2. Checking and filtering contaminants. One of the steps of a sequencing experiment is the amplification of a very small amount of genetic material, which could be a contamination from any source. The program FastQ Screen was designed to confirm that reads are derived from the expected organism. It uses alignment algorithms to check a wide range of interspecies genomes that the user specifies in the target list. If you work with human samples and your lab mate does experiments with E.Coli, you know what genome to check for contaminants! However, researchers often don't know the contamination source in advance. The tool Kraken, which was primarily developed for metagenomic studies, examines a pre-built large database of bacterial, archaeal, and viral genomes against your sequence. Moreover, Kraken is not restricted to its standard database — other genomes, such as eukaryotic genomes, can be added.
In addition, it is possible to only keep reads that map to one genome and filter out unwanted reads. The following picture is an example of contamination filtering with FastQ Screen.

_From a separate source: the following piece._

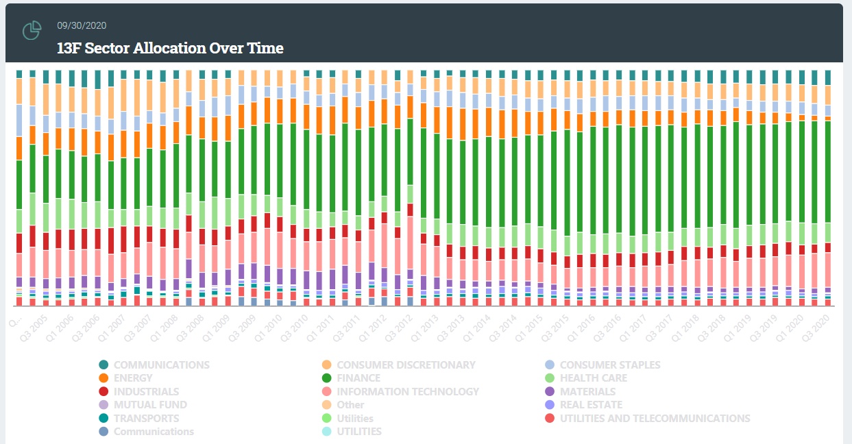 从持仓偏好来看,金融、IT以及医疗保健板块位列前三,占总持仓的比例分别为43.45%、14.94%和8.34%。
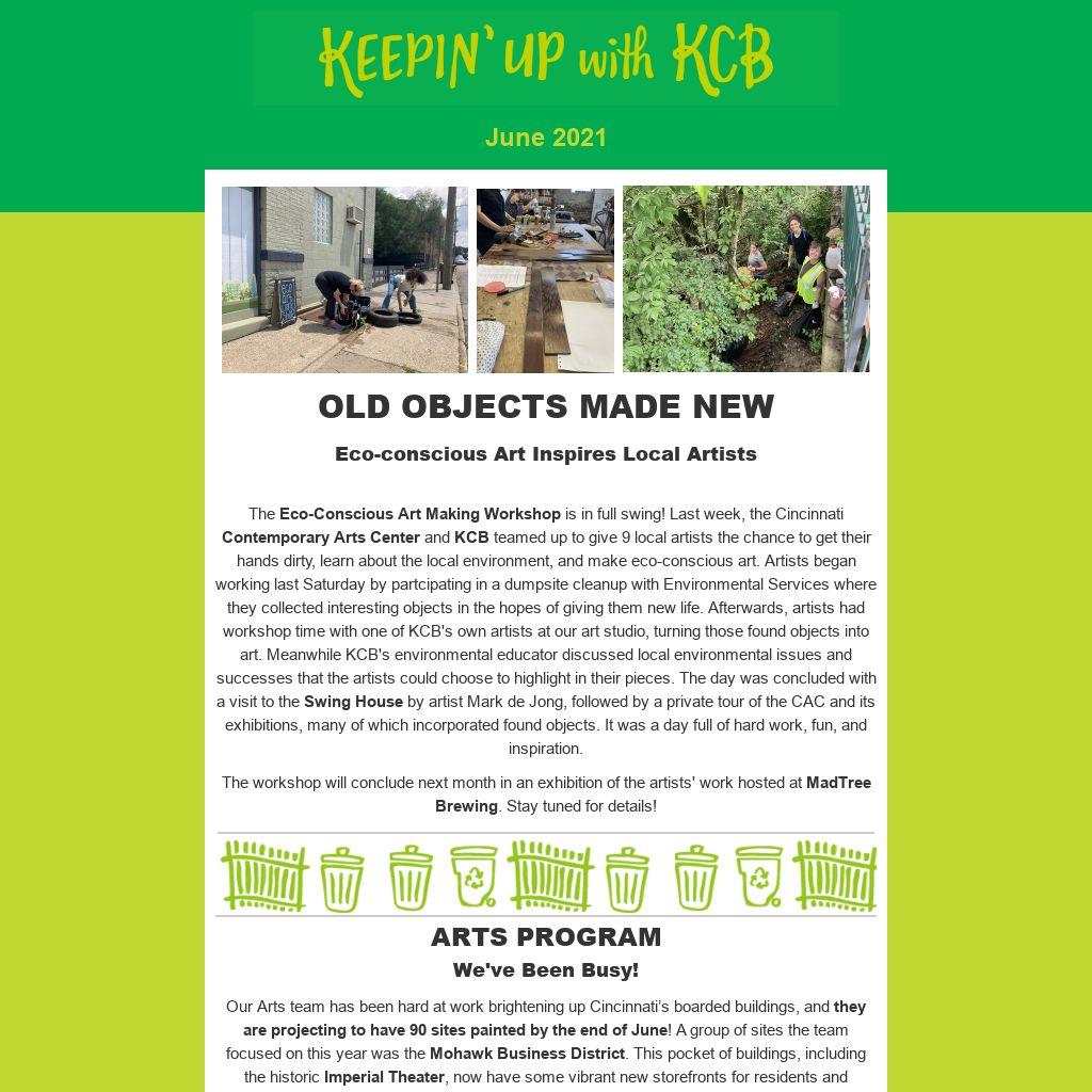 The Eco-Conscious Art Making Workshop is in full swing! Last week, the Cincinnati Contemporary Arts Center and KCB teamed up to give 9 local artists the chance to get their hands dirty, learn about the local environment, and make eco-conscious art. Artists began working last Saturday by partcipating in a dumpsite cleanup with Environmental Services where they collected interesting objects in the hopes of giving them new life. Afterwards, artists had workshop time with one of KCB's own artists at our art studio, turning those found objects into art. Meanwhile KCB's environmental educator discussed local environmental issues and successes that the artists could choose to highlight in their pieces. The day was concluded with a visit to the Swing House by artist Mark de Jong, followed by a private tour of the CAC and its exhibitions, many of which incorporated found objects. It was a day full of hard work, fun, and inspiration.

3. Trimming and filtering. Based on the results of the quality check, you may want to trim or filter reads. Filtering usually refers to the removal of an entire read, while trimming makes reads shorter. These procedures often include:
- Trimming of technical sequences. Technical adapters include flow cell binding sites, primer binding sites, and index sequences. An adapter appears on the 3'-end of a read when the insert is shorter than the read length and sequencing continues through the technical sequence.
- Filtering primers and adapter dimers
- Trimming bad-quality reads from the end of a sequence
- Filtering sequences that are too short
There are different tools that can be used for read trimming: Trimmomatic, fastp tool, and Cutadapt tool. To perform quality trimming, you need to specify the quality threshold and minimum read length (see the scheme above). There is a trade-off between having good quality reads and having enough full-length reads. All in all, you may start with gentle trimming and check the result with FastQC.

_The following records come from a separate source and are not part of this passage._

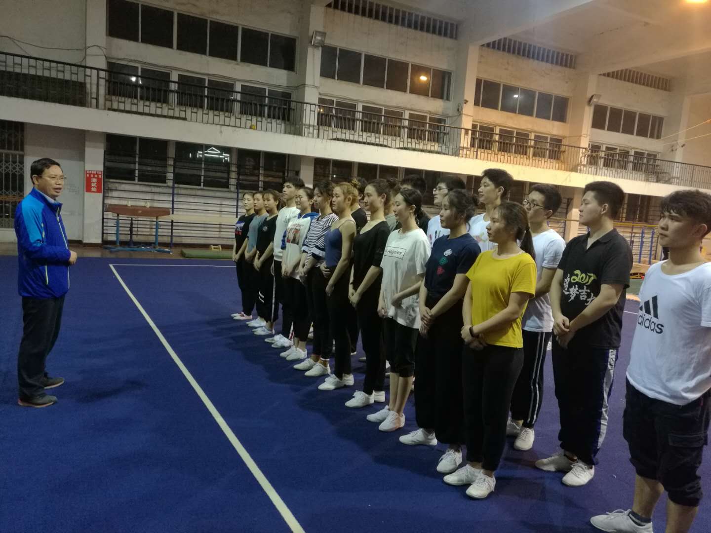 省民宗委文教处副处长丁亚波一行来到体育学院体操馆的训练场地,在认真观看了民族健身操队的训练情况后,与运动员们进行了亲切的交谈,鼓励他们克服困难,积极备训,为湖南在全国民运会上争光添彩。之后又向在场领导和教练员详细询问有关备训情况,就如何进一步做好全国民运会参赛工作交流了意见,并对公司近期备训工作给予了充分肯定。
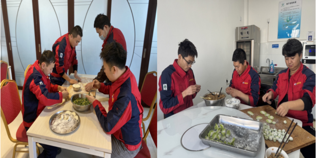 活動最后,大家一塊來到食堂,共同準備除夕夜豐盛的年夜飯,在場職工們個個打起精神來,干勁十足,各自領了任務開始忙活起來,拿案板剁肉、切菜、和面,大家你一言我一語說著,笑著,食堂的歡笑和香味一起飄出場站。大家歡聚一堂共享除夕盛宴,共同舉杯祝福新春。
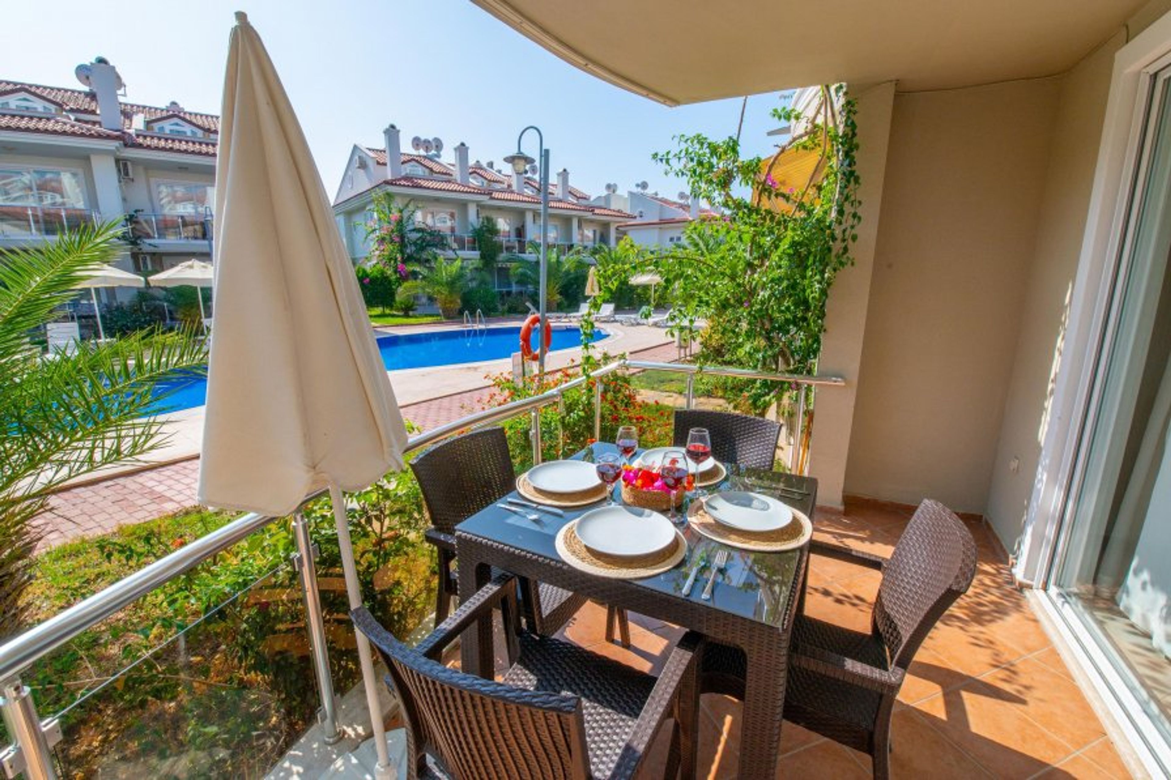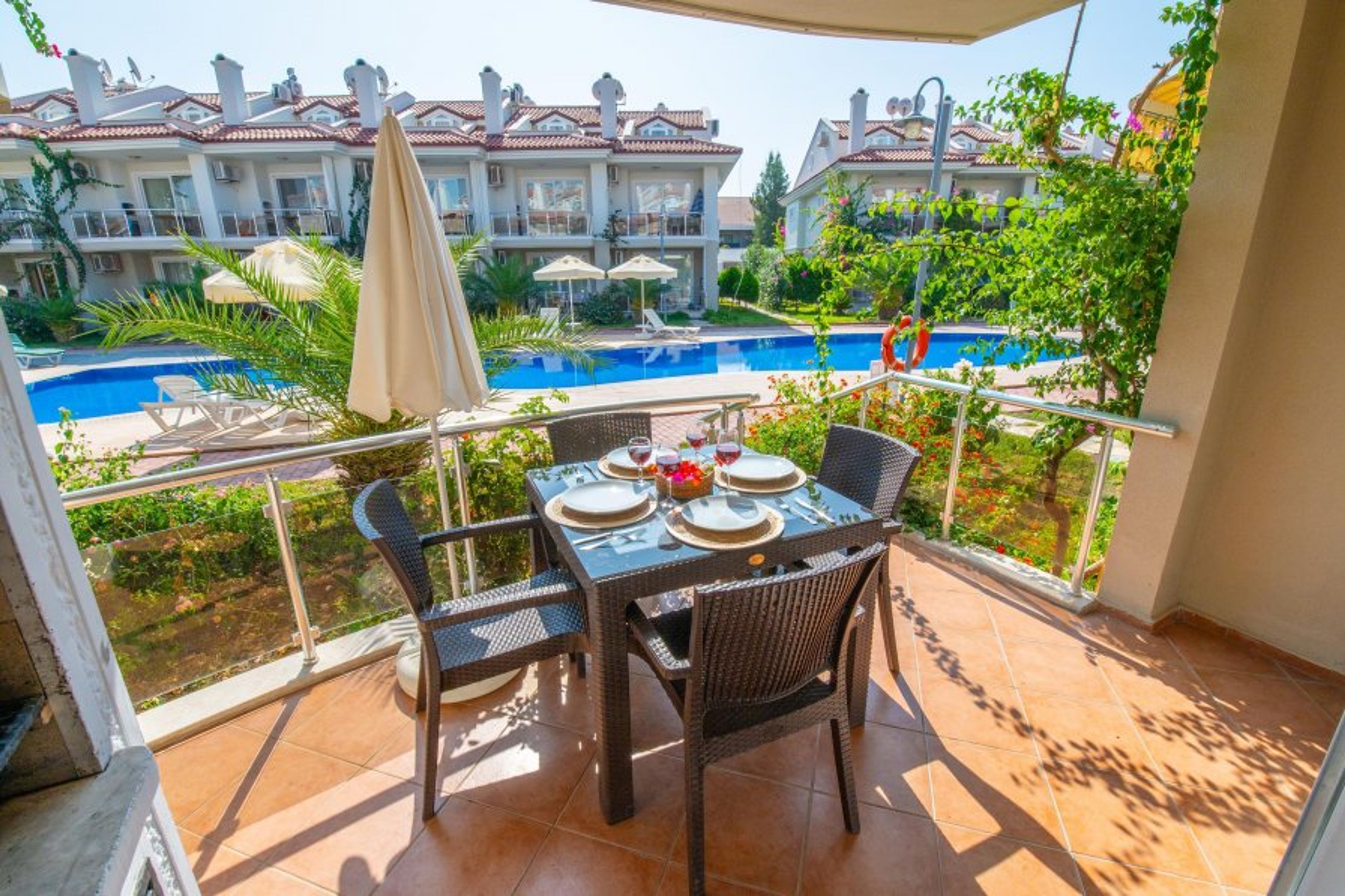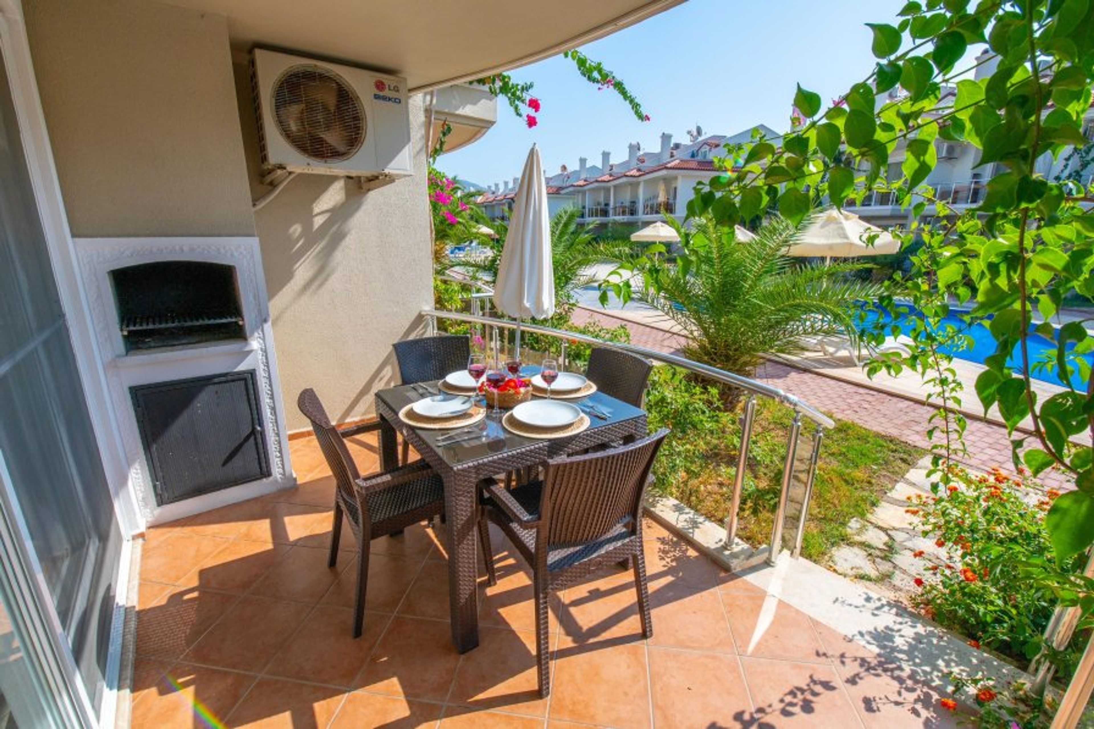 This fully air-conditioned 1 bedroom ground floor apartment has an open-plan kitchen which leads out onto the balcony, 1 bedroom and 1 bathroom (Extra bed/baby cot available). Sunset Beach Club provides you with a fun, family and relaxed atmosphere which will make it a holiday to remember. With a large balcony dining area, you can enjoy your BUİLT-İN BBQ or a cocktail whilst watching the poolside or chill out sunbathing around one of our many pools with beautiful sea views.

Note, that in paired-end sequencing, reads from one spot are treated together: if one of the reverse reads is removed, its corresponding forward read should be removed too, and vice versa. As a result, you will use only high-quality trimmed reads in FASTQ file for further analysis.

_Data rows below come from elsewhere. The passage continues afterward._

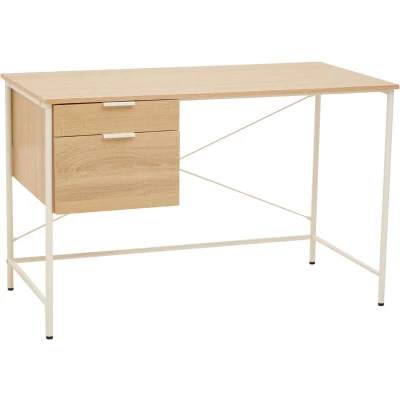 General description The Bradbury desk is ideal for both commercial and home office environments. It features a rectangular natural oak effect wooden top that rests on a subtly industrial-style white metal frame. With two drawers, this desk helps maintain a tidy workspace, making it perfect for office and homeschooling needs. Technical specifications Material: Natural oak veneer top Frame: White metal Number of drawers: 2
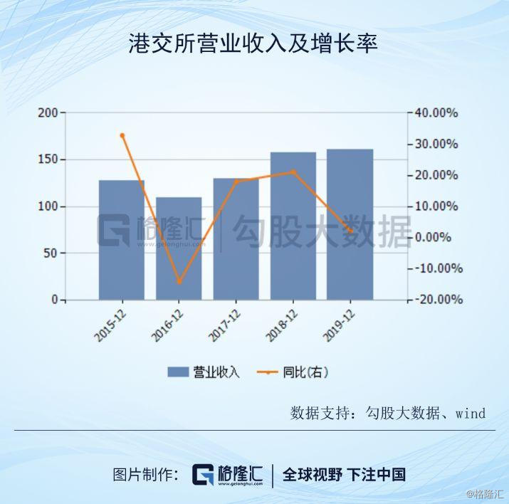 2月26日晚,香港交易所(0388.HK,以下简称为港交所)发布2019年财报——营业收入163亿港元,同比增长3%;EBITDA(税息折旧及摊销前利润)为122.63亿港元,同比增长4%;归母净利润93.91亿港元,同比增长1%。
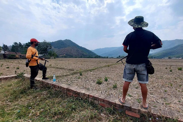 当地时间2023年5月30日,印度英帕尔,曼尼普尔邦发生暴力冲突事件,Dolaithabi村村民武装站岗。视觉中国 资料图
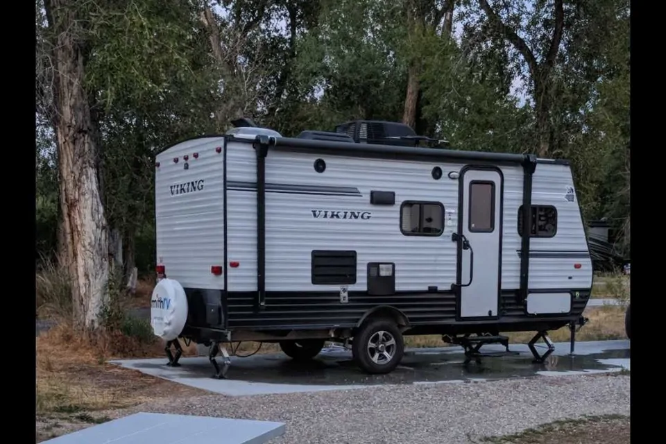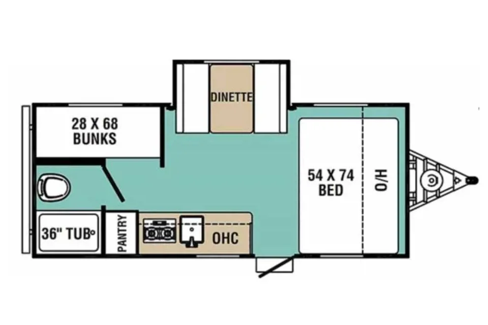 Features: RV Queen bed with upgrades mattress, RV twin bunks with upgraded mattresses. Dinette slide that can also convert into a bed. Private bathroom with tub/shower combo and a foot flush toilet. Large RV frig/ freezer, two burner cook top, sink and microwave. Storage located under and over queen bed, under both dinette benches and under bottom bunkbed.
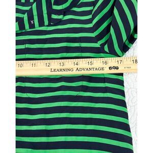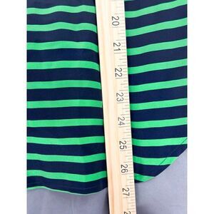 Lovely silk blouse from J. Crew in navy and green stripes, Size 0, excellent pre-owned condition. Please see photos for details and measurement information.
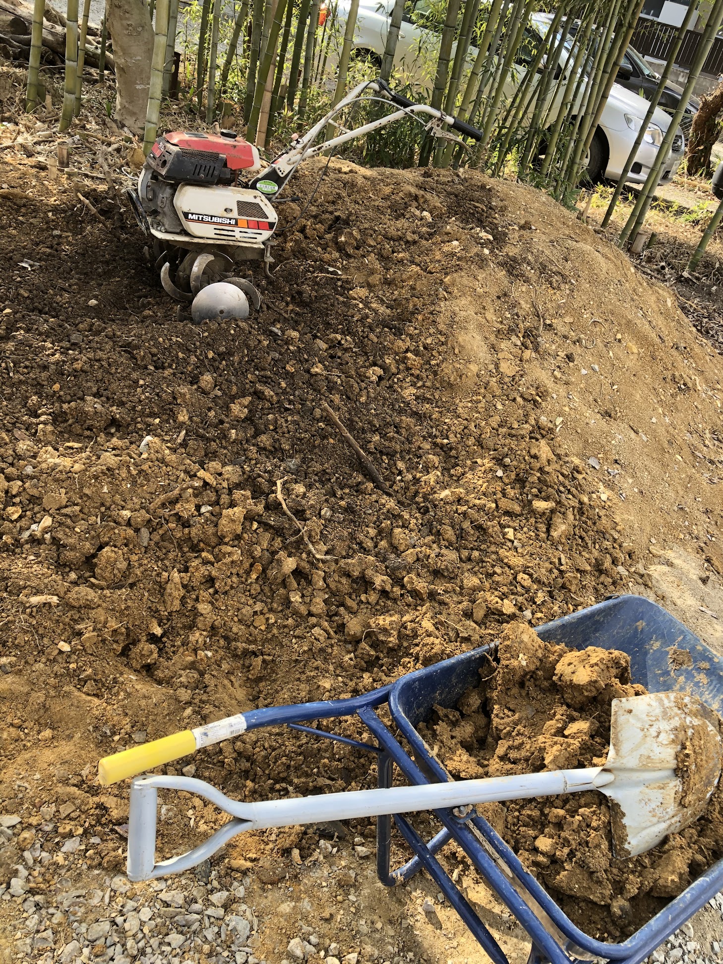 採取場で重機によりあらまし攪拌してあるものを、現場で再度耕運機を使い細かく攪拌。砂もこの時点で入れます。この際に土をしっかりと乾かす事が仕上がりの状態を決める事となり、天候に左右されます。また今回は土の元々の成分に石灰質が多く含まれていることから、追加の石灰は入れていません。

Short read error correction
Trimming reads unfortunately results in loss of information. Therefore, there is motivation to correct short-read imperfections, such as substitution error, which is one of the major sources of error in Illumina sequence technology. Fortunately, the low sequencing cost allows experiments to produce many reads to obtain highly redundant coverage. Coverage is defined as the number of reads that 'cover' or align to a particular genome region. This redundancy makes it possible to catch mistakes. The concept behind overlap-based error correction is illustrated below. However, the error correction procedure is intensive in both computational work and memory usage due to the large number of short reads. The Musket algorithm is an example of corrector for Illumina short-read data.
Conclusion
In this topic, we discussed quality assessment of reads files and methods for improving reliability of raw data. Raw reads are stored in FASTQ files in repositories. First, we check a report of overall quality (FastQC) and make a decision on filtering and trimming. Contamination can be checked with a FastQ Screen (known contamination source) or Kraken (unknown contamination source) and then filtered. Next, we may trim bad-quality ends, short sequences, and adapters with Trimmomatic or a similar tool. An alternative to read trimming is an error correction procedure. However, correctors are resource-intensive programs and they may not produce high-quality results. All in all, after pre-processing steps we end up with high-quality data, which is relevant for our downstream analysis.